- Born: 4 April 1945 Nkhotakota District
- Died: 4 February 2004 (aged 58)
- Education: Likuni Girls' Secondary School
- Occupations: Teacher and Presbyterian minister
- Known for: First Malawian women minister
- Spouse: Winfred Abner Taonga Mwale

= Martha Mwale =

Martha Mwale (4 April 1945 – 4 February 2004) was a Malawian teacher, political prisoner and church leader. She became a Presbyterian parish minister and was the first woman minister ordained in Malawi.

==Life==
Mwale was born in the Nkhotakota District in 1945. Her father was an evangelist working in South Africa and she lived with her mother in the Nkhunga CCAP. Her mother was a leader in the Women's Guild. She went to Mlala Primary School and her results were excellent. She went on to Likuni Girls' Secondary School. She was teased for liking English, but she also spoke Chitonga, Chitumbuka and Chichewa. She helped to lead the Christian Youth Fellowship and although only sixteen she was made a church elder.

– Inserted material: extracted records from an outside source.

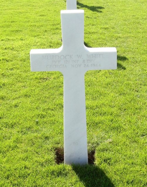 Pvt Murdock W. White worked on a farm before he enlisted at Fort McPherson, Georgia on 10 December 1943.Source of information: Raf Dyckmans, www.abmc.gov, www.wwiimemorial.com, www.archives.gov - WWII Enlistment Record, www.ancestry.com - various family trees / U.S., Headstone and Interment Records for U.S. Military Cemeteries on Foreign Soil, 1942-1949, http://cgsc.contentdm.oclc.org - History of the 121st Infantry Regiment, After Action Report of the 121st Infantry Regiment
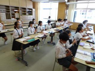 ↑4の3 音楽 リコーダーの練習をしました。指づかいを確認して、美しい音色をだそうと頑張りました。
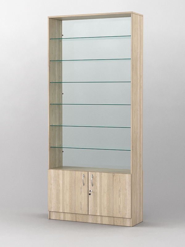 Задняя стенка стеклянная. Такая деталь помогает создать более привлекательный вид витрины и улучшает ее функциональность.
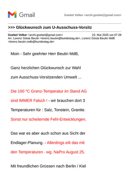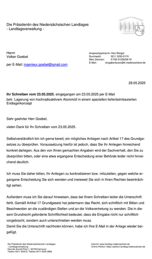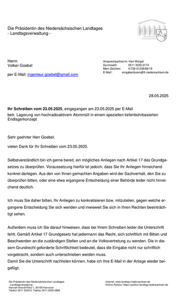 Sie erhalten auch noch einen richtigen Antwort-Brief - Endlager-Bedarfe BRD !
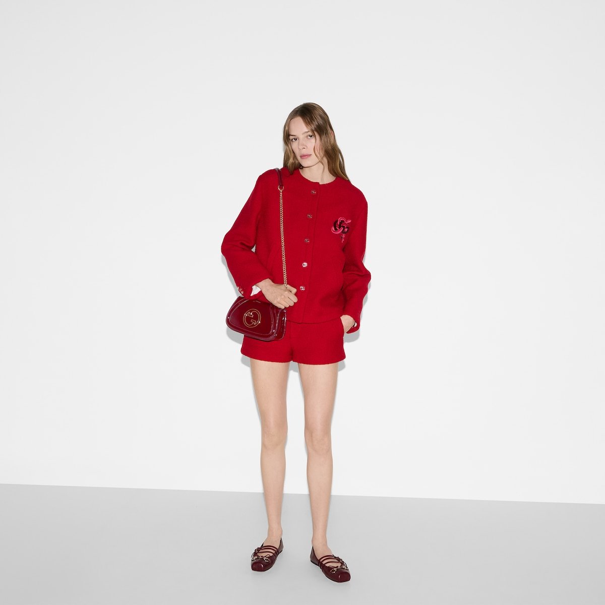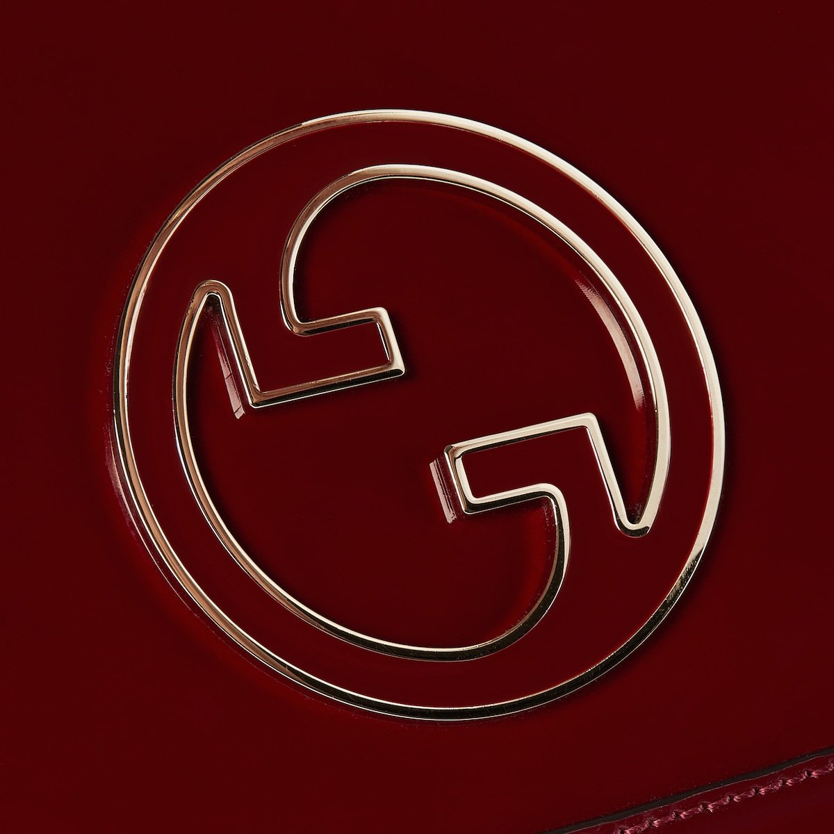 The new Gucci Blondie bag, whose distinctive logo first appeared in the House??s collections in the early 1970s, weaves together past and present in a fusion of nostalgia and modernity. This mini shoulder bag with a gold-toned chain is crafted from Gucci Rosso Ancora red patent leather, featuring the House’s round symbol in enamel.
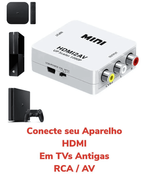 Podendo ser utilizado em equipamentos modernos com conexão hdmi para conectar a tv's antigas com conexão AV
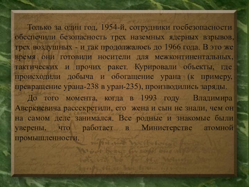 До того момента, когда в 1993 году Владимира Аверкиевича рассекретили, его жена и сын не знали, чем он на самом деле занимался. Все родные и знакомые были уверены, что работает в Министерстве атомной промышленности.
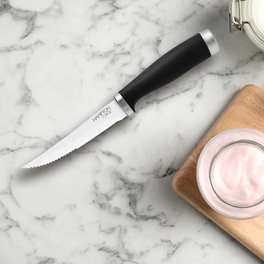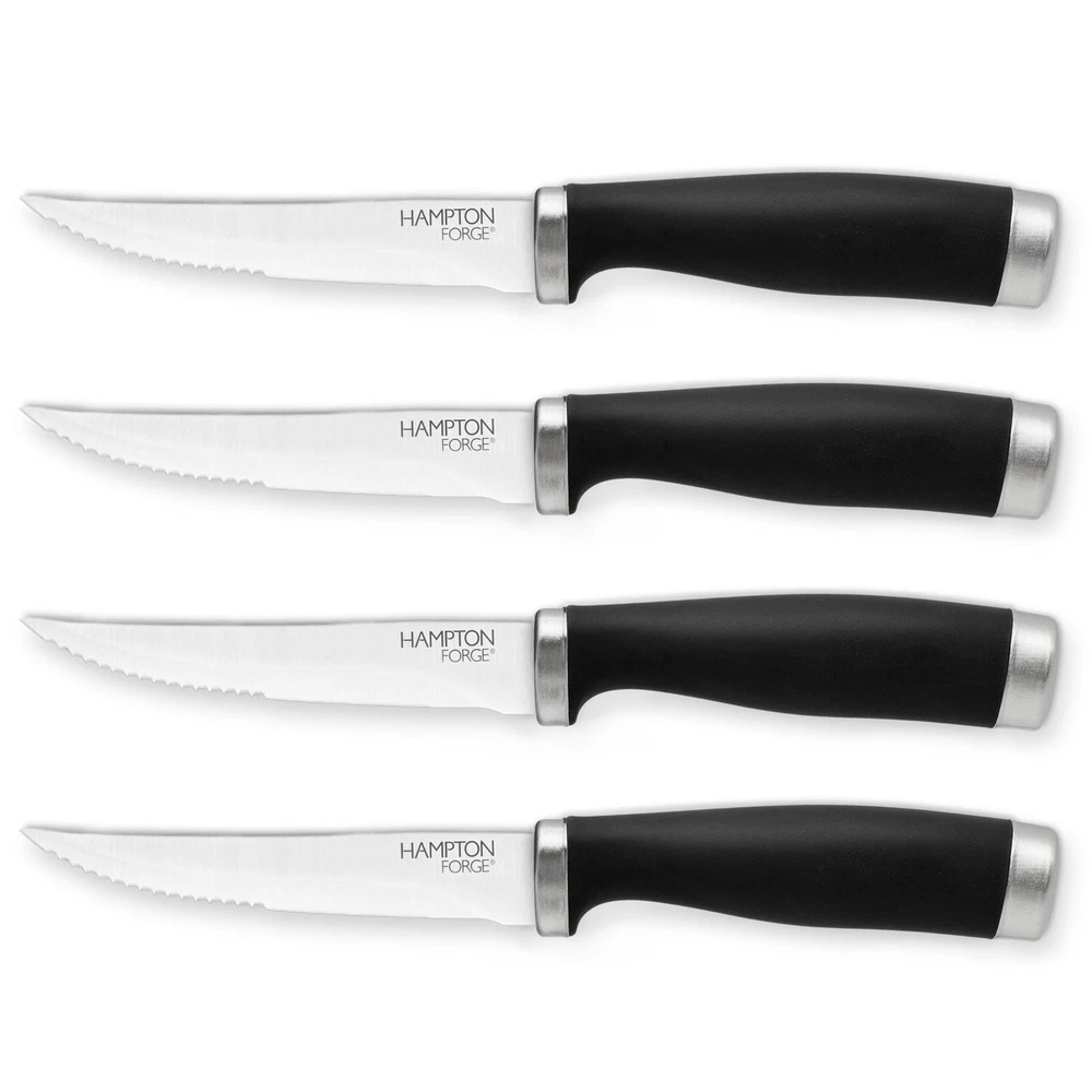 With a chic soft-grip, black handle, the Epicure 4 Piece Steak Set by Hampton Forge provides the balance and ergonomics needed to cut efficiently. Featuring a timeless design with exceptionally sharp stainless steel, serrated blades, polished to a mirror finish. Epicure will provide reliable dining year after year, and looks great in a casual or formal dining setting. HOLLOW-GROUND SERRATED EDGE – Factory ground to a precision edge for clean cuts; crafted from very high quality stainless steel that resists corrosion, rusting and pitting. SOFT GRIP HANDLE – Ergonomically designed offering comfortable, safe and slip-resistant cutting. UPGRADE YOUR CUTLERY – For a twist on the traditional, the Epicure Steak Set offers a bit of contemporary flair to place setting. Hand wash Recommended Set Includes: (4) 4.5" Steak Knives
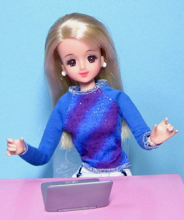 昭和ジェニー@バービー青&紫トップス 白ショートパンツ パソコン
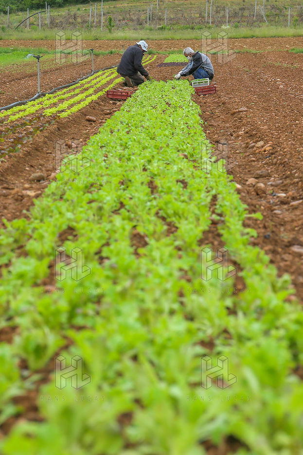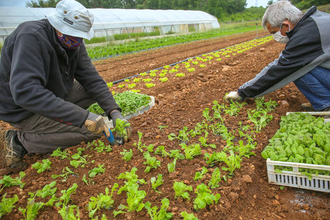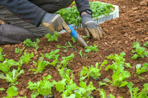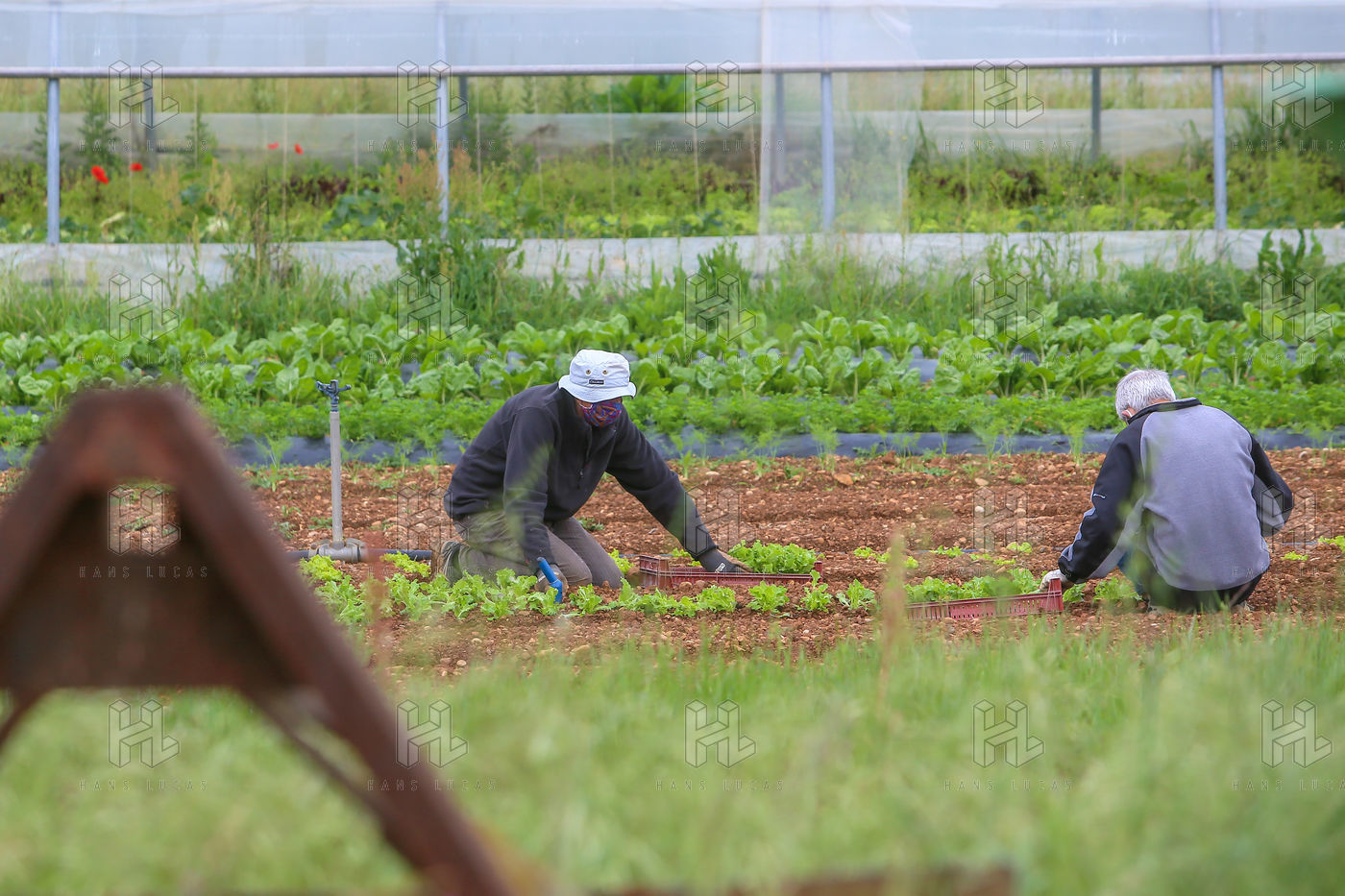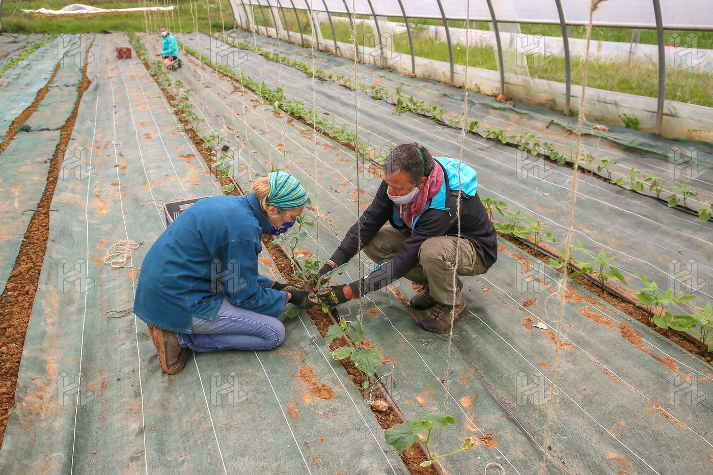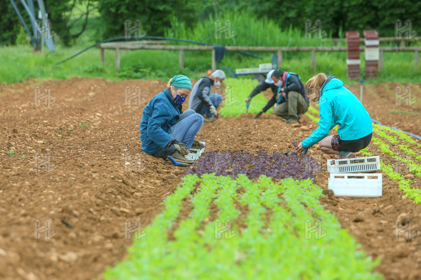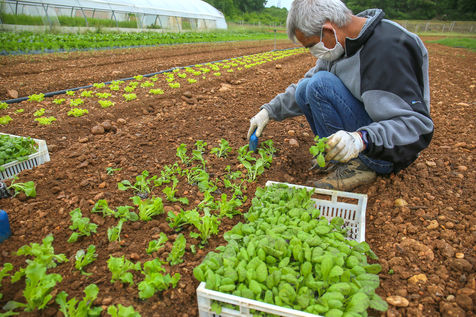 Suite à l'appel du ministre de l'Agriculture Didier Guillaume, plusieurs bénévoles participent aux travaux de plantation et de maraichage des Jardins Graine de Cocagne qui propose des paniers de fruits et légumes bio et 100% locaux.

She married William Mwale in 1970 and went back to teach at Likuni Girls' Secondary School. In 1974 she refused an offer to become a member of parliament. This upset the dictatorial President Hastings Banda and their house was searched. Some small notes that did not reflect well on the President were found. They both found themselves arrested and taken to Mikuyu Prison. William was released but she spent two years suffering captivity, poor food and torture. She was briefly offered freedom, but she went to prison for three more years because she would not go to political rallies. Her fourth child was born and died while she was in prison.

Malawi's Independence day was July 6 and in 1979 she was included in the prisoners released to celebrate.

In 1990 the Blantyre Synod hosted a meeting of women theologians and despite a wide invitation list there was only twelve attendees and they were all member of the Presbyterian church. Mwale was one of the twelve.

She had to serve a year's probation and she was then ordained. She was the first woman to be ordained in Malawi by the Presbyterian church in 1999, in 2000 or 2001. She was ordained by the Livingstonia Synod and later that year three others were also ordained by the Blantyre Synod and one of them, Edna or Edina Navaya, was also a woman. She was not the first woman minister in Malawi as the Rev. Salome Sifile Dlamini, who had been ordained in Eswatini, had served as a minister in Malawi in 1973.

She died in 2004 from causes linked to her diabetes.